My go-to reference for the instruction set http://devernay.free.fr/hacks/chip8/C8TECH10.HTM
Awesome assembler, simulator,… https://johnearnest.github.io/Octo/
Very clear tutorials for building a Breadboard CPU https://www.youtube.com/c/BenEater/videos

Caveats

Because the whole build is based on breadboards the contacts are degrading with time — 3 years after I built it, it is still working, but sometimes glitches happen which is quite unfortunate.
Chip-8 has some instructions that are not well-defined. I settled on using the standard settings of the Octo project.
I mostly built it with components I had on hand or that were easily available — therefore some choices were made because of availability and not because of simplicity or elegance.
Because of limited space and money I sometimes combined parts of the CPU which should not be combined. For example, I used a single SRAM chip to store REG A-F (which itself is quite ugly already) as well as the 16 address deep stack.
Looking at it a few years later, I can see many questionable design choices, which were mostly due to poor planning. Still, it was an awesome learning experience, and I still love looking at the mess of cables, breadboards, and chips that somehow work in harmony (more or less).

Modules

Clock & State Control

This is probably the easiest module and is very similar to Ben Eater’s version. It has an adjustable clock (astable 555, around 100 Hz to 20 kHz), plus start and stop circuits. For development, it also features a single-step mode that uses a monostable 555 to generate pulses. A double-throw switch is used for program loading mode (explained in the RAM module). The last button is a reset button that resets the PC and the microstep counter (inside the control logic).

Program Counter

The job of the program counter is to track where we currently are in the program. It mainly consists of three 74HC193 counters, which can count up and down (only up is used here). The output address is directly connected to RAM (which can take addresses from either the PC or the bus depending on a control flag). The PC can also connect to the normal system bus to load and output its value.

System-bus

Every data word is transmitted over the main system bus in the middle, except for program counter addresses (mentioned above). Each module is connected to the bus using 74HCT244 or 74HC245 tri-state bus drivers. This single bus is probably the biggest bottleneck, but it made interconnecting components very simple, so it fit my “build as I go” style well. My biggest regret is making it 12 bits wide. Early in the project I thought this would be useful because the CHIP-8 address space is 12-bit wide, but in the end I needed all 12 bits for only two or three instructions.

RAM

The main building block of RAM is a KM62256 32Kx8-bit SRAM. RAM also includes a KM28C64 EEPROM for loading programs into memory. Program loading is done by switching Clock & State Control and letting the CPU run briefly (less than half a second), while EEPROM contents are copied into RAM on each clock cycle.

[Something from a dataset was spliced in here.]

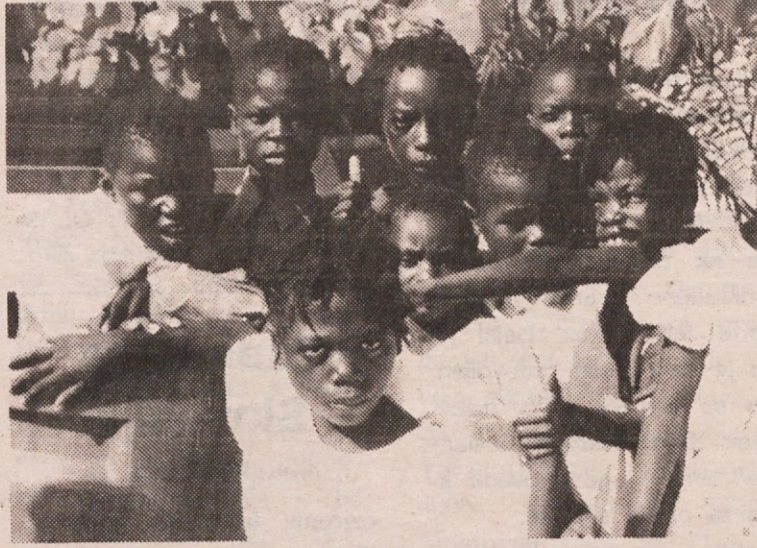
"Nekaj naših šolarjev, ki se zelo radi slikajo."

Za vsakega otroka, ki vstopi v šolo, iščemo botra, da ga podpre z $200 na leto. S tem plačamo tudi učitelje.

The rest of the circuit (which mostly consists of 74HC157 Multiplexers) is used to manually program the memory which was used during development.

Registers A-F, Stack, Stack-pointer and Register I

Registers are the place where the CPU stores values to operate with. Normally, the registers are a lot faster than the RAM - but in my case this module also uses a single KM62256 (instead of single register chips for space reasons) to store the contents of registers A-F. The registers are told to load from, or output to the bus, by the control logic using three control signals.

The stack as well as register I (a 12-bit index register used for storing addresses) also reside inside the same SRAM chip (not a pretty design choice, but it worked). The stack pointer is implemented directly in hardware using a settable 74HC193 counter. Implementing it as a counter allows slightly faster execution of RET and CALL instructions. A 74HC157 multiplexer controls whether stack addresses or register addresses are routed to the SRAM module.

A closer view of Register A-F, ALU and RNG(from top to bottom)

Arithmetic and Logic Unit

The 12-bit-ALU (12 bits for the same reasons as mentioned in the System-BUS part) uses the very useful 74LS181 chips for doing arithmetic and logical operators. It is accompanied by four 74HC377 to load and store the operands from the bus. Another 28C64 EEPROM is used as a “single operand ALU” to implement “esoteric” instructions such as LD B,Vx - “Store BCD representation of Vx in memory”. Simply using an EEPROM as combinatorial logic was the easiest and space-saving solution in this case I think.

Random Number Generator

This CPU actually uses a hardware random number generator. A simple LFSR would probably have been sufficient, but I decided to build a white-noise generator sampled by a shift register. This analog circuit works well, but it is quite sensitive to the potentiometer setting that defines the decision threshold (whether a voltage is interpreted as 0 or 1). In hindsight, I would choose an LFSR.

Control Logic

This was probably the most complex part to develop because CHIP-8 instructions are formatted in a fairly impractical way. Each instruction always consists of two bytes. The first 4 bits indicate the instruction type, while the following 12 bits are reused in many different ways. For example, if an instruction is written as Txyn (with each letter representing 4 bits), the n part sometimes encodes data and sometimes specifies a sub-type of instruction. 8xy0 stores register y into register x, while 8xy1 performs a bitwise OR between those registers. Another data-oriented example is 4xkk, which skips the next instruction if Vx != kk. CHIP-8 also uses several addressing modes (immediate, direct, and index), which further complicates decoding.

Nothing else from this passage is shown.